I can really only speak to the input rates, for turning we have our input raised to the 3/2. …yes I know. We tried changing it from linear to squared and I felt it was a bit of a drastic difference, so we kind of split the middle. For translation, it’s just linear.
For our swerve: Thrustmaster Joysticks, read linearly
We have an internal deadband function for Xbox Controllers when zero centering is bad
Usually multiply by scalar to output units (could be m/s or V or %)
We cap driver speed and ramp it up with comfort
No minimum output usually
Swerve wheels have independent acceleration limiters on both the drive and turn
For output control:
Swerve Drive, speed via motor controller PID
Swerve Turn, voltage request (from a software PID) converted to a % (we started with the 2021 WpiLib template which was software PID, but commanding a brushless speed controller, so we divide by battery voltage, which is probably all wrong)

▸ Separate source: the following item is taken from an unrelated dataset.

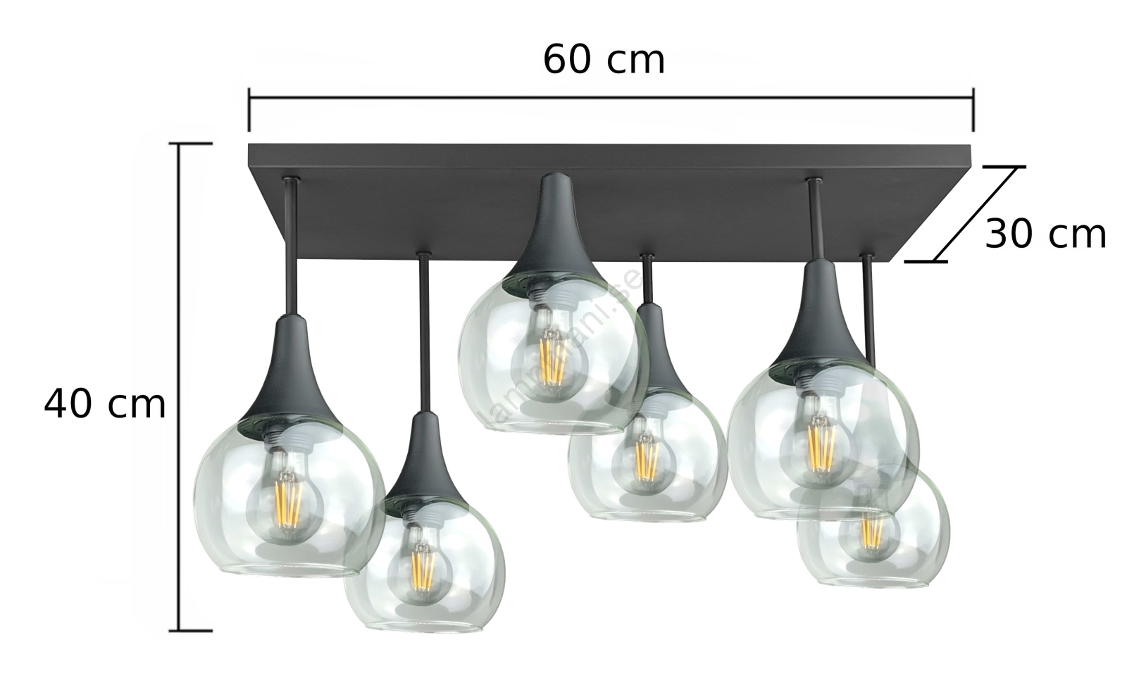 Ytmonterad ljuskrona SOMA 6xE27/60W/230V svart/genomskinlig | Lampmani

Our arm, we started with software PID, then made it software profiled pid, then added f term for gravity compensation, then switched to hardware pid with motion magic
Software PID got it running, profiled pid smoothed it out for wear, f term compensated for gravity much better, and then the hardware pid runs at 1ms and fixed most of our gear stripping issues
Well seeing as how I mentor an all girls school that is quite the assumption.
I am not asking for our driver. I asking because:
I want to understand what strategies are most popular.
I want to understand what strategies a library should support
I want to understand if anyone has any fancy new ideas to try (like on discord I heard about a one sided slew rate limiter which seems like an interesting idea to try).